Global warming woes? Tiny ants might save Earth

Researchers say that tiny ants may save the world from global warming woes by cooling the Earth.

Ronald Dorn, a geologist at Arizona State University in Tempe, who is also the lead author of the study, says that ants are altering the Earth's environment. The researchers say that an average ant does not live even for over a year but they help to reduce tiny bits of carbon dioxide gas from the Earth's atmosphere. An increase in ant population on the planet may help reduce global warming to a certain extent.

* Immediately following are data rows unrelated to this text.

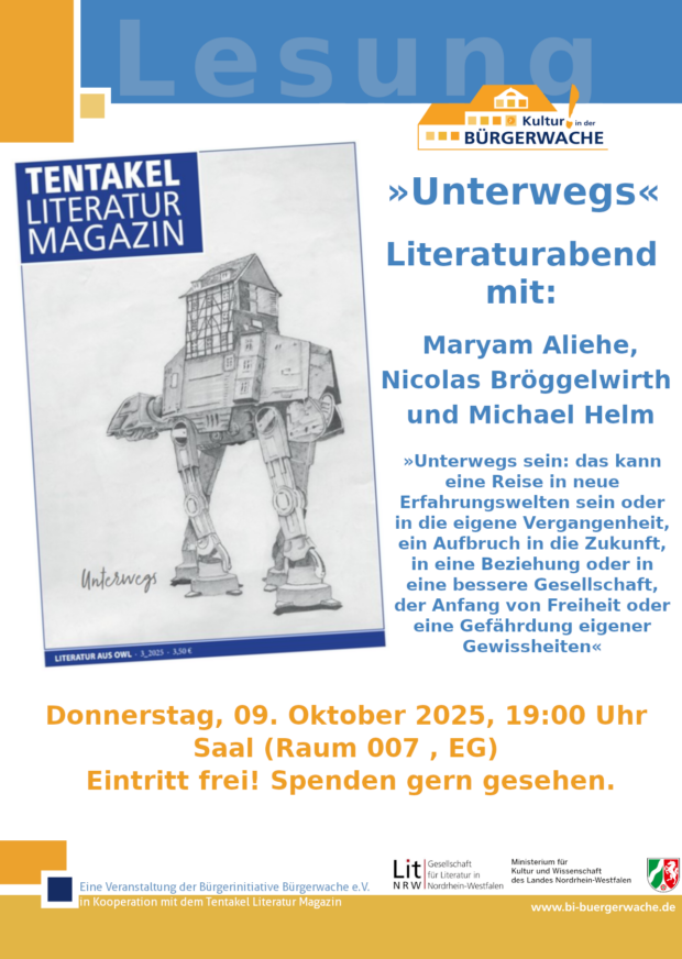 Unter dem Titel »Unterwegs« laden das Literaturmagazin Tentakel und das Stadtteilzentrum Bürgerwache am Donnerstag, den 9. Oktober 2025 zu einer literarischen Lesung ein. Beginn ist um 19:00 Uhr im Saal (Raum 007, EG) der Bürgerwache am Siegfriedplatz.
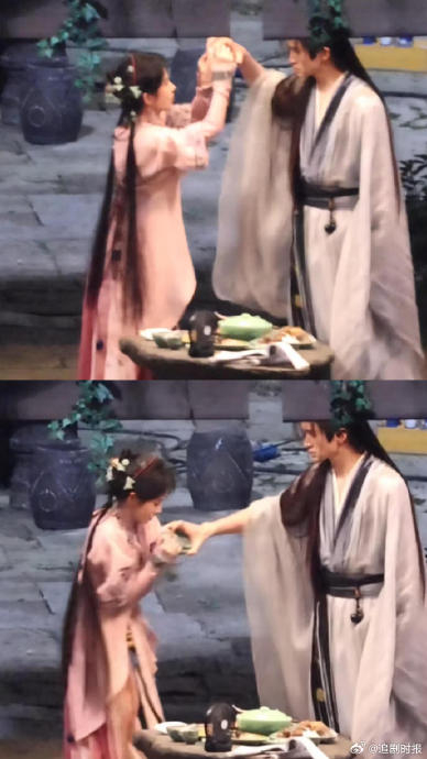张云龙183cm的高大体格与鞠婧祎159cm的娇小身形形成25cm的天然落差。剧中路透呈现的“公主抱”画面、师尊将徒弟“圈在领地”的低语场景,以及张云龙宽肩对鞠婧祎的笼罩式站位,均被观众解读为“狼对兔的掌控与守护”,这种强烈的视觉符号直接呼应流行文化中的“狼兔文学”设定。
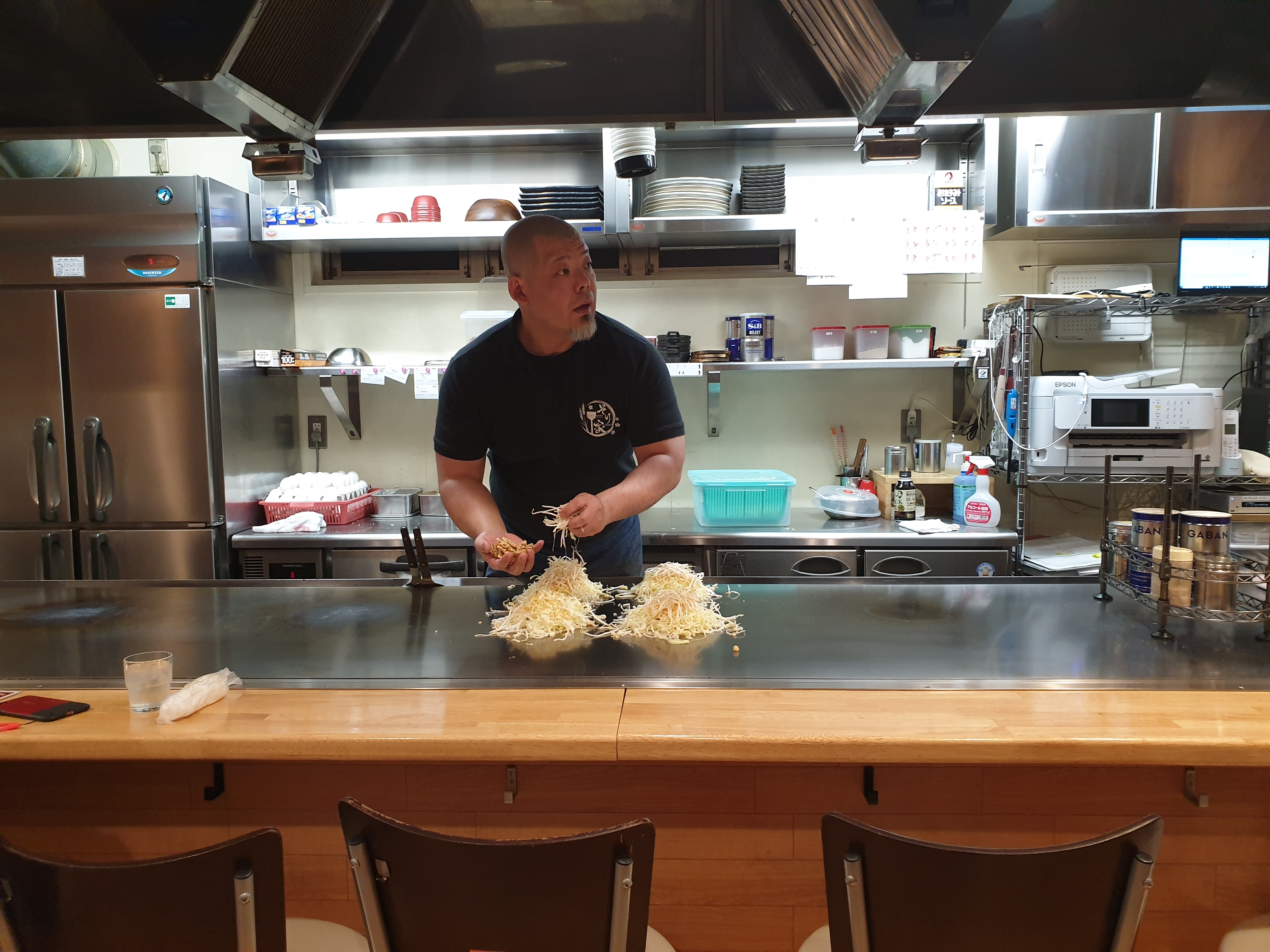 Wracając do naleśników, kucharz smaży małego cieniutkiego naleśnika na długim rozgrzanym blacie, siedząc bezpośrednio na przeciwko kucharza lepiej uważać, by się nie poparzyć od nagrzanej blachy. Następnie kładzie na niego ogromną porcję posiekanej białej kapusty, trochę kiełków i przykrywa pokrywką. Gdy kapusta zmięknie obraca całość i dalej smaży. Obok smaży wybrane dodatki np. bekon, jajko, krewetki i najważniejsze makaron udon (japoński) bądź soba (chiński). Gdy wszystkie składniki są gotowe, układa makaron na naleśniku z kapustą, na wierzch kładzie bekon/jajklo/krewetki, polewa sosem i podaje. Przyznamy, że danie nie przypadło nam do gustu. Zjedzone, zaliczone, ale nie będziemy go ponownie szukać 🙂

The scientists explain that some species of ant "weather" minerals to secrete calcium carbonate, which is also known as limestone. When these tiny creatures produce limestone, the process also removes and traps small particles of carbon dioxide gas from Earth's atmosphere.

Dorn compares the process to carbon sequestration, which occurs in the planet's oceans. The researchers say that the huge deposits of limestone in Earth's ocean bear more carbon, than what is present in the current atmosphere.

Dorn started his career around 25 years back and claims that he has found that tiny ants were great weathering agents by examining basalt sand breakdown. Dorn says that he buried basalt sand at six different sites in Arizona's Catalina Mountains and in Texas' Palo Duro Canyon. The scientist dug some sand from these sites once in years and analyzed the breakdown due to insect activity, water exposure and chemicals from tree roots.

The experiment reveals that ants degraded the minerals 50 to 300 times quicker, when compared to sand left untouched on ground. Dorn believes that the ants were possibly searching for magnesium and calcium from the sand and producing limestone. The process of making limestone trapped carbon dioxide in the rock. The conversion may have occurred when ants lick sand particles and then stick them to the walls of their nests. However, the entire process still remains a mystery.

"We don't know if they are licking it or pooping it, or if it's bacteria in the ant's gut or the fungi growing in the colonies," says Dorn.

The researchers say that it is very early to estimate how much atmospheric carbon dioxide gas is trapped in the process of ants making limestone.

The study has been published in the journal Geology.